Detecting and Troubleshooting Broken Datasets and Monitors

Sometimes dataset transformations (ongoing or backfill) can be suspended due to system issues or performance problems. Detecting these suspensions early will help you prevent unexpected data gaps.


Types of Transforms

  • Ongoing – processes new/real-time data.

  • Backfill – reprocesses historical data.

Each type can suspend independently, so when reporting an issue, always specify:

  • The type of transform (ongoing vs. backfill)

  • Its status


Monitoring for Suspended Transforms

You can detect suspended datasets using this OPAL query against the System Datastream:

make_col schema:string(EXTRA.schema)
filter schema = "transformer_suspended_transform"
make_col suspension_reason:string(FIELDS.suspension_reason)
make_col dataset_id:int64(FIELDS.dataset_id)
rename_col timestamp:BUNDLE_TIMESTAMP
set_link ^Dataset, dataset_id:@Observe_Dataset.dataset_id
pick_col timestamp, suspension_reason, dataset_id

This will return:

  • Timestamp – when the suspension occurred

  • Suspension reason – why it was suspended

  • Dataset ID – link back to the dataset


What to Do if Your Dataset Is Broken

If you discover a dataset suspension:

  1. Check the suspension reason.

  2. Refer to the decision table below to see if it’s something you can fix yourself.

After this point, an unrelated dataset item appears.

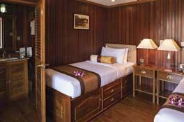 Finished in brass and teak, the main and upper deck rooms are a spacious 168 square feet (15.6 sqm), with the exception of the Zawgyi Pandaw which is 150 square feet (14 sqm). As the space is much loved by all our passengers, we have ensured that with each ship we build, the stateroom remains essentially the same. Be advised: our cabins do not have mini-bars, satellite TV's, internet access or telephones. Passengers tend to choose Pandaw in order to escape from the tiresome features found in international business hotels.

  3. If support is required, create a support ticket with:

    • Dataset name

    • Time of failure

    • Description of the issue


Suspension Reasons – Decision Table

Suspension Reason Can Fix Yourself? Suggested Action
Ongoing acceleration is timing out :white_check_mark: (maybe) Review transform definition, simplify queries, or contact Support.
High compile times :white_check_mark: (maybe) Simplify OPAL, reduce query complexity, or contact Support.
Internal Snowflake errors (3000XX) :prohibited: Open a Support ticket with full error + timestamp.
Admin-suspended :prohibited: Contact Support for more info.

More Details

Self-Fixable Issues

  • Ongoing acceleration is timing out

    • The dataset stopped processing new incoming data due to performance issues.

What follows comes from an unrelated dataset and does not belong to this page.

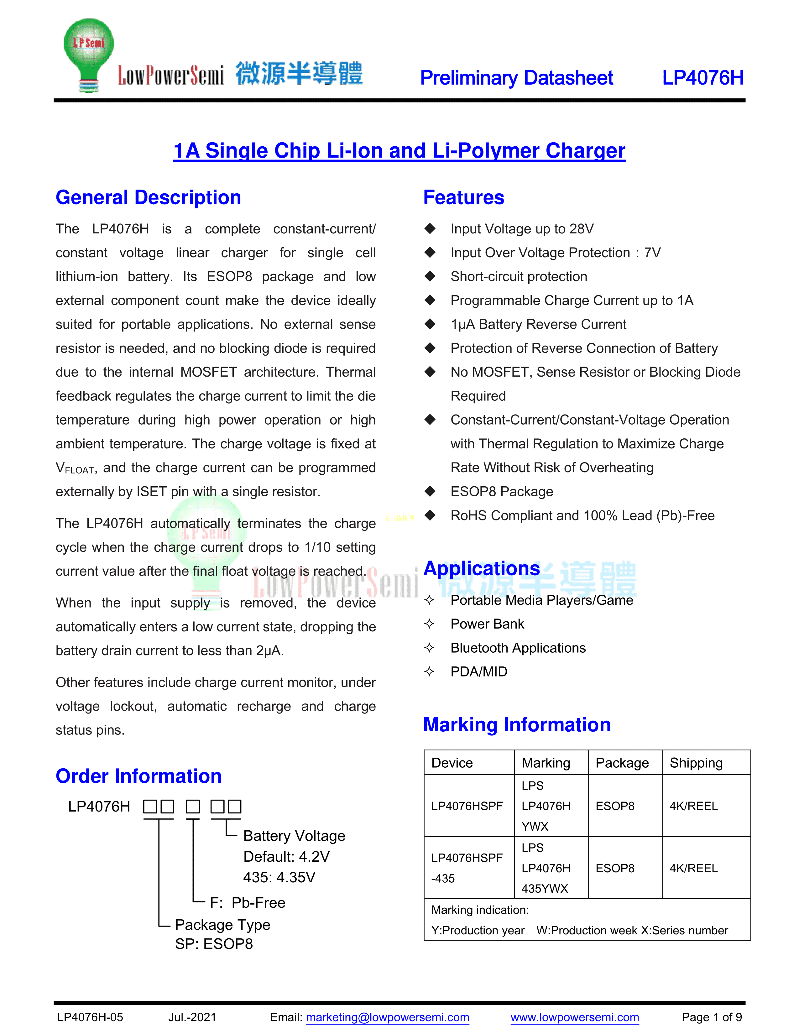 LP4076HSPF-435数据手册ESOP-8封装LOWPOWER(微源半导体)PDF规格书,中英文下载

    • Check and optimize the transform query (see Performance Cookbook in Observability Cloud docs).

  • High compile times

    • The transform query exceeded compile-time limits.

    • Simplify OPAL expressions, reduce nesting, or refactor queries.

Support-Required Issues

  • Acceleration runs into: ISE…

  • SQL execution internal error: 3000XX…

  • Admin console: …

These are caused by system-level or vendor-related errors. Contact Support with the error details.

Tested out the “suspended transforms” query in my account, and I’m seeing a couple of entries over the last 30 days with the following suspension_reason

acceleration stuck with error: statement 0 failed: 002003 (42S02): SQL compilation error: Object ‘DOES_NOT_EXIST’ does not exist or not authorized. (EXECUTION)

I know we’ve deleted a few datasets over that same period, is this maybe a normal thing that happens when the acceleration is stopped when a dataset is deleted, or something like that?

I don’t think we’ve had any issues with any of the datasets that are still in use, so I’m assuming this is safe to ignore.

Looking further, the error was due to merge transforms taking place on 2 of the datasets.

Upon double-checking these, they can be safely ignored as no acceleration jobs are stuck and had continue successfully automatically after that error took place!